When I first started out in litigation support, I spent a lot of time fixing and updating data load files. Back in the early 2000s, every photocopy place was claiming to be experts of document scanning and eDiscovery; and so, we ended up with a lot of incorrect or messy load files. It was an “interesting” time.
Of course, despite the mess and the weird formatting, the data load files are really just niche-specific delimited text files. Then what is a delimited text file?
A delimited text file is really just a plain text file with markers (delimiters) to help identify how the data separates into proper records and fields.
Within any proper database or spreadsheet system (like the Excel table in the picture above), we can very easily distinguish the various pieces of information shown. We know where each column starts and stops, we can identify each record or row, and each field is easily isolated. The data is organized and properly accessible.
But what if I want to take the above data out of Excel and put it into another system, like Concordance or some other document review tool? Each software platform has its own setup and quirks. Its display options, the way it functions, the way the data is indexed, all of that is different from platform to platform. We can’t just shove Excel into Concordance or vice-versa because the two simply won’t understand each other.
But, plain text is universal. We can convert data into plain text and load it into another platform as plain text because almost everything recognizes text.

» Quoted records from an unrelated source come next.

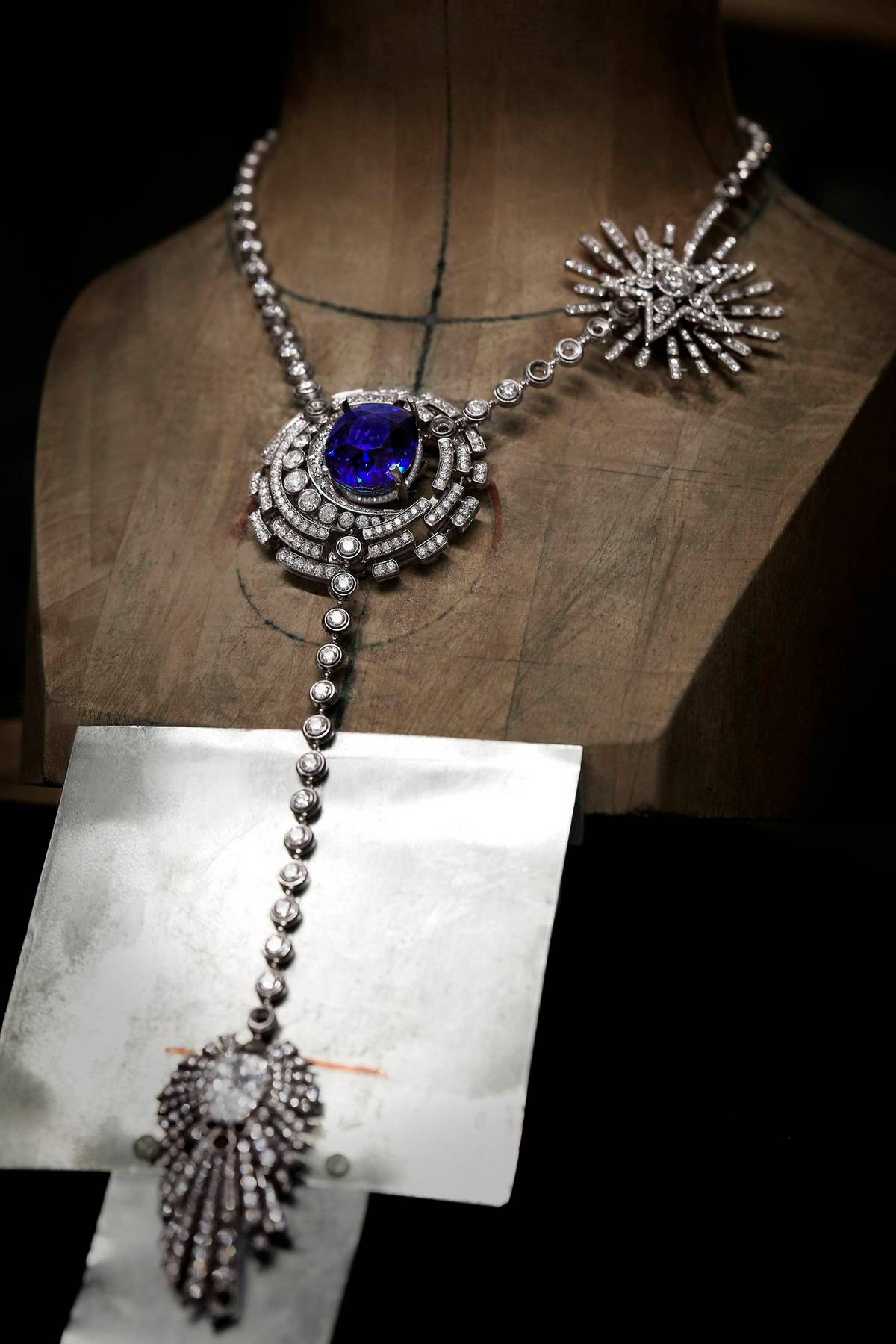 Koleksiyonun imza parçası olan Allure Céleste kolye, yıldızlardan yayılan ve onları gökyüzünün enginliğinde birbirine bağlayan ışığın kalbine bir yolculuğunu anlatıyor. Yuvarlak kesim pırlantalar arasında derin ve yoğun mavi oval safir, 55.55 karat DFL 8.05 armut kesim pırlanta olağanüstü bir parlaklıkta... Bu dönüştürülebilir parçanın üzerindeki haleler ayrılarak broş haline geliyor. Tıpkı ortadaki pırlanta sırasının bir bileziğe dönüşmesi gibi, kolye kısa bir versiyona dönüştürülebiliyor; broş ise saç tokası olarak takılabiliyor.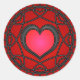 Vinheta com corações vermelhos/pretos e padrões metálicos giratórios em círculo.
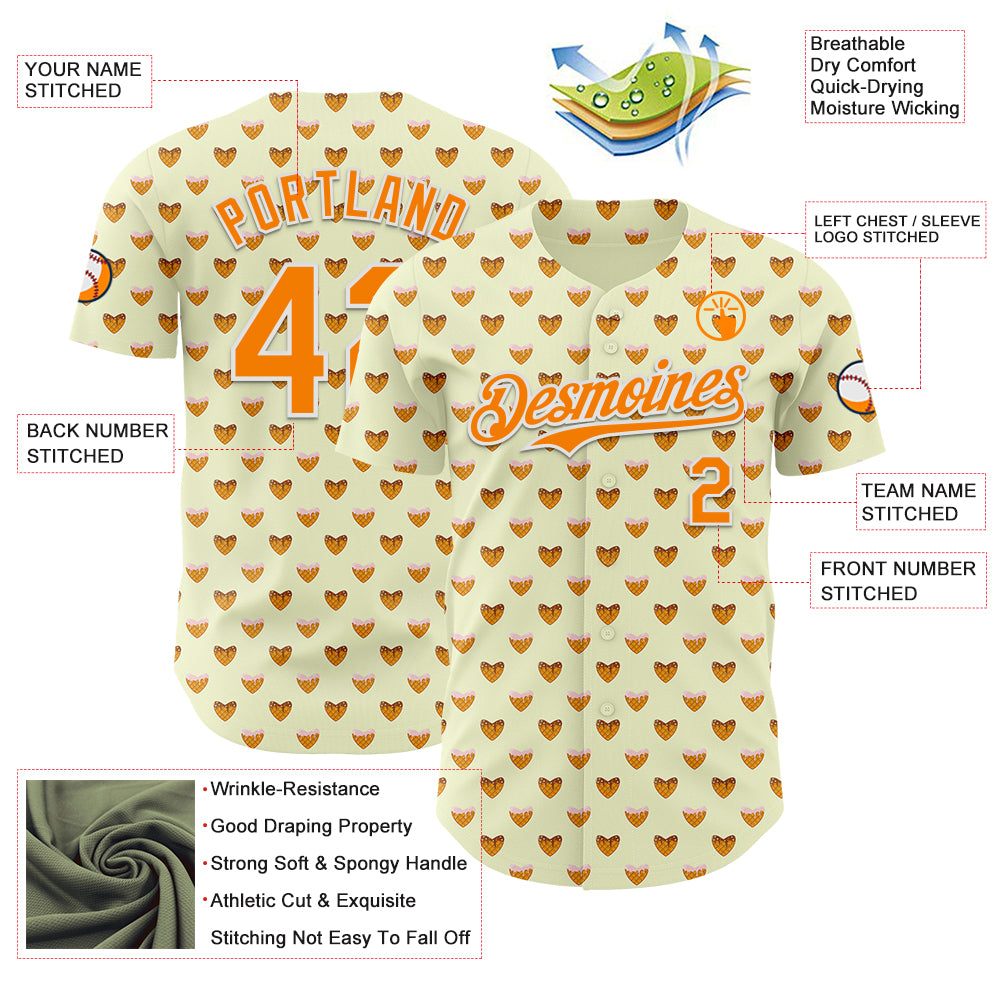 Custom Yellow Bay Orange-White 3D Pattern Design Foodie Heartshaped Waffles Sweets Authentic Baseball Jersey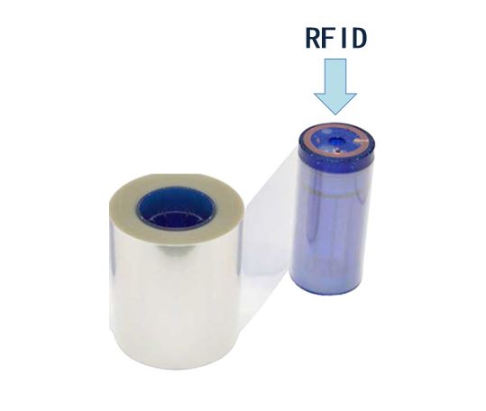 *Note: Sur un des deux rouleaux du ruban de laminage, il y a une antenne de radio-fréquence appelée RFID (voir image). Il ne faut pas retirer cette antenne, puisqu'elle permet à l'imprimante de reconnaître le type de ruban installé dans le module de laminage. Si cette antenne est retirée lors du chargement du ruban, un message d'erreur va apparaître (ex. "Printer Laminate not identified") et suspendre l'impression des cartes restantes. Pour remédier à ce problème, il suffit de remettre l'antenne sur le bon rouleau et de repartir l'imprimante.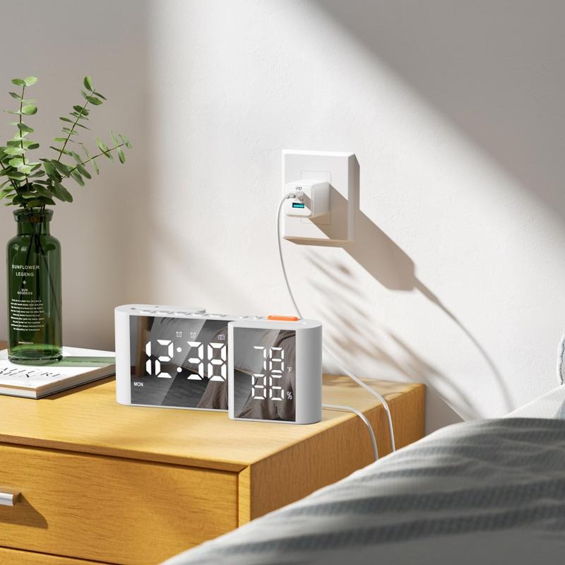6-tuumaisessa kaksois-LED-näytössä on kaksi toisiinsa liitettyä paneelia, jotka antavat selkeät, helposti luettavat tiedot. Peilattu etupinta lisää ensiluokkaista ilmettä, ja kaareva S-muotoinen runko sopii täydellisesti mihin tahansa moderniin makuuhuoneeseen, toimistoon tai asuintilaan.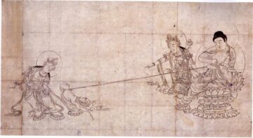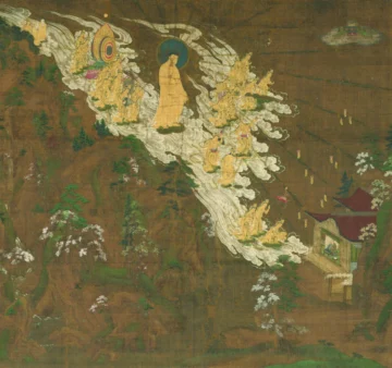 Around the time Tōhaku was painting his pines, Japanese aristocrats also were gazing at certain pictures as they lie on their deathbeds. Like Philip II of Spain. Imagining heaven as a beautiful blue-green landscape, covered in hills and mist-covered valleys, polychrome ink paintings often situated a lonely hut amidst the lush scenery. In such a setting, it was believed that Amida would descend on purple clouds from paradise to meet the faithful. As long as the believer chanted Amida’s name faithfully, the Buddha of Light would come to escort them back to the land of bliss. Called raigo-zu, these paintings of “Amida’s Welcoming Descent.”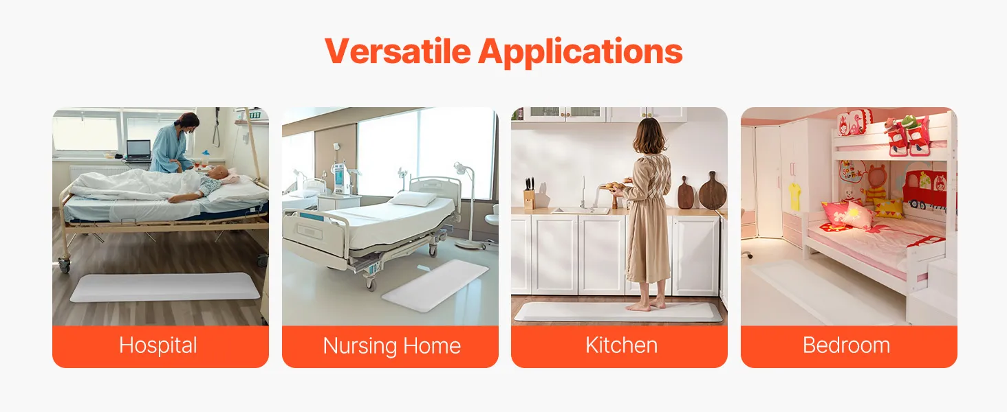 Our fall mat for eldelry is suitable for various settings, whether in hospitals, nursing homes, kitchens, or bedrooms. It helps reduce the risk of falls for the elderly and those with limited mobility, ensuring a safer daily life.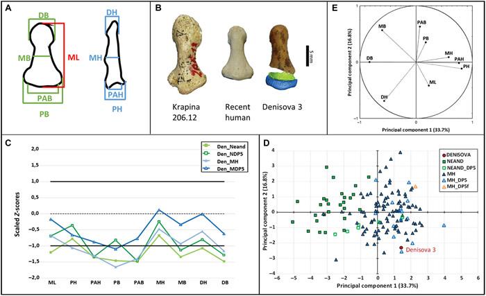 E. Andrew Bennett等人通过使用DNA提取物和测序技术将缺失的片段与原始片段进行匹配以捕获其完整的线粒体DNA序列。然后,他们重新分析了这些碎片的扫描和照片,并将它们与来自尼安德特人的手指骨以及更新世和处于不同发展阶段的近来的现代人进行了比较。研究人员发现的这个指骨是一个青春期女性丹尼索瓦人右手的第五根指骨,其死亡年龄可能在13.5岁。

The trouble is, if we were to take the text out of Excel (or any other software), we lose the organization that the original software provided and end up with something like the below:
We, along with whatever new system the data will be imported into, lose the ability to distinguish the individual records or columns. The information is now a jumbled mess, and unorganized data is essentially useless. So, we need a way to help delineate records and fields using just plain text. Those markers are delimiters.
The simplest and most common delimited text file is the CSV (Comma Separated Value) file, which uses the comma ( , ) as a delimiter and quotes ( ” ) as text qualifiers, like so:
Here we can see clearly the purpose of the comma and quotes. The comma separates each field value and the quotes inform us that despite there being multiple words with spaces, the entire phrase belongs in 1 single field. Thus:
"BIGBANK_00001677","BIGBANK_00001680","111.msg","Kevin Lockhart <BigBank>","Doug Stevens <DStevens@bigbank.com"
The use of quotes ( ” ) means that whatever is in between the quotes belongs together in the same field, and the comma means whatever is next, belongs to a new field. This allows the information to be properly organized and imported into a new system.
The issue of course is that ( , ) and ( ” ) are very prevalent within general documents in eDiscovery. If we were to use commas and quotes as the delimiters, most database systems would be confused by all the extra instances found in letters, reports, emails, etc. We would need delimiters that do not occur naturally or often “in the wild.”
In the late 80s, when Concordance was basically the only document review tool around, the standard delimiters introduced to the legal technology space were:
¶ ASCII Code (020) as the comma separator
þ ASCII Code (254) as the quote text qualifier
® ASCII Code (174) as the new line indicator
(The ASCII Code numbers being how you can type those characters, by holding down the ALT key on your keyboard and typing the numbers on your number keypad)
As the above 3 characters were highly unlikely to appear within business documents naturally they served as much better delimiters and qualifiers than characters like commas or quotes.
And even though as eDiscovery has evolved and more sophisticated document review database systems have appeared on the market, most systems still recognize the Concordance delimiters.